必修公民

裁判所(必修解説)

1.裁判所の地位

裁判所は三権のうち司法権を担当します。

2.裁判所の種類

裁判所には、大きく分けて最高裁判所下級裁判所の2つがあります。最高裁判所は、国内最高の司法機関で、全国に1か所、東京都にあります。

下級裁判所というのは最高裁判所以外の裁判所をまとめた呼び方で、次の4種類の裁判所があります。

高等裁判所は下級裁判所のなかでも最上位の裁判所で、おもに第二審を扱います。全国8か所にあります。

地方裁判所は、おもに第一審を扱う裁判所で、各都府県に1か所、広い北海道には4か所の合計50か所あります。

家庭裁判所は、特に家庭内の争いや少年事件を扱います。その数は地方裁判所と同じで、全国に50か所あります。

簡易裁判所は軽い事件を扱う裁判所です。全国438か所にあります。

3.裁判の種類

裁判の種類は大きく分けて2つあります。

民事裁判

個人間や企業間の争いを解決する裁判が民事裁判です。片方が裁判所に訴えをおこすことで、裁判が始まります。訴えをおこした側を原告、訴えをおこされた側を被告といいます。両者の主張をふまえたうえで、裁判官が法にもとづいて判決を下します。

なお、裁判の途中であっても、原告と被告の両者が和解すれば、裁判は終了します。

刑事裁判

犯罪行為の有罪・無罪を判断する裁判が刑事裁判です。

犯罪が発生すると、警察官が犯罪を捜査し、被疑者を逮捕・勾留します。取り調べを行い、検察官が被疑者を起訴すると、被疑者は被告人とよばれるようになります。

こうして裁判が始まるわけですが、裁判官は法にもとづいて被告人が有罪か無罪かを判断し、有罪であれば刑罰を言い渡します。

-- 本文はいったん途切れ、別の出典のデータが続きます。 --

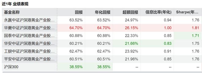 数据来源:Wind截至:2025.09.01 因此,在收益率差不多的情况下,选择费率相对低廉的ETF或是相对更实惠的方式。从费用上看华夏黄金ETF、工银黄金ETF、富国上海金ETF、天弘上海金ETF这四支ETF在费率上是有一定优势的,长期投资可以适当关注。 讲完了黄金ETF那我们来讲讲黄金股ETF,虽说是一字之差,但是当中的学问可多了: 不同于黄金ETF的通俗易懂,黄金股ETF主要投资于黄金矿业上市公司的股票,收益取决于这些公司的经营业绩、股价表现,间接关联金价,但受公司自身因素影响更大。 也就是说,除了金价波动风险,还需承担上市公司的经营风险、股市波动风险,可能因公司盈利增长实现上涨,也可能因业绩亏损导致下跌。 其中比较有代表性的指数就是中证沪深港黄金产业股票指数,其成分股聚焦黄金全产业链,涵盖紫金矿业、山东黄金等A股矿业龙头,以及周大福、招金矿业等港股企业。 指数波动率较高(近1年波动率1.87%-1.95%),与金价及矿业公司盈利强相关,2025年上半年受益于地缘冲突与通胀预期涨幅达37.75%,属于高风险、高波动品种。 那高风险对应的就是高收益了。今年,A股市场“反内卷”的风也同样吹到了中证沪深港黄金产业股票指数中。从跟踪该指数的产品中可以看出,近一年收益率基本维持在60%以上。 其中华夏中证沪深港黄金产业股票ETF和工银中证沪深港黄金产业股票ETF表现较为突出。华夏中证沪深港黄金产业股票ETF的回报达到64.70%,年化回报同样为64.70%,超额回报也领先于其他产品;而工银中证沪深港黄金产业股票ETF的回报为62.47%,年化回报62.47%,超额回报23.92%,在风险调整后的收益(如Sharpe比率为1.76)方面也表现出色。这两只基金在控制风险的同时实现了较高的收益增长。

刑事裁判では、訴える(起訴する)のは検察官、訴えられた側が被告人です。被告人は、弁護人(弁護士)を依頼する権利をもっています。

なお、ニュースや新聞などでは、犯罪をしたと疑われる人物を「容疑者」と表現し、検察官に起訴されると「被告」と表現されることが一般的ですが、正確には、容疑者ではなく「被疑者(ひぎしゃ)」、被告ではなく「被告人」であることに注意しましょう(「被告」は民事裁判ですね)。

4.三審制

同じ事件について、3回まで裁判を受けられる制度のことです。民事裁判と刑事裁判のどちらにもあります。三審制がとられている理由・目的は、裁判を慎重に行い、人権を守るためです。

この制度において、第一審の裁判所の判決に不服の場合に、第二審の裁判所に訴えることを控訴(こうそ)といいます。第二審の裁判所の判決に不服の場合に、第三審の裁判所に訴えることを上告といいます。

例えば、第一審の地方裁判所の判決に不服の場合は、高等裁判所に控訴して第二審が行われます。そこでの判決にも不服である場合は、最高裁判所に上告することになります。最高裁判所で示された判断が、最終的な判決として確定します。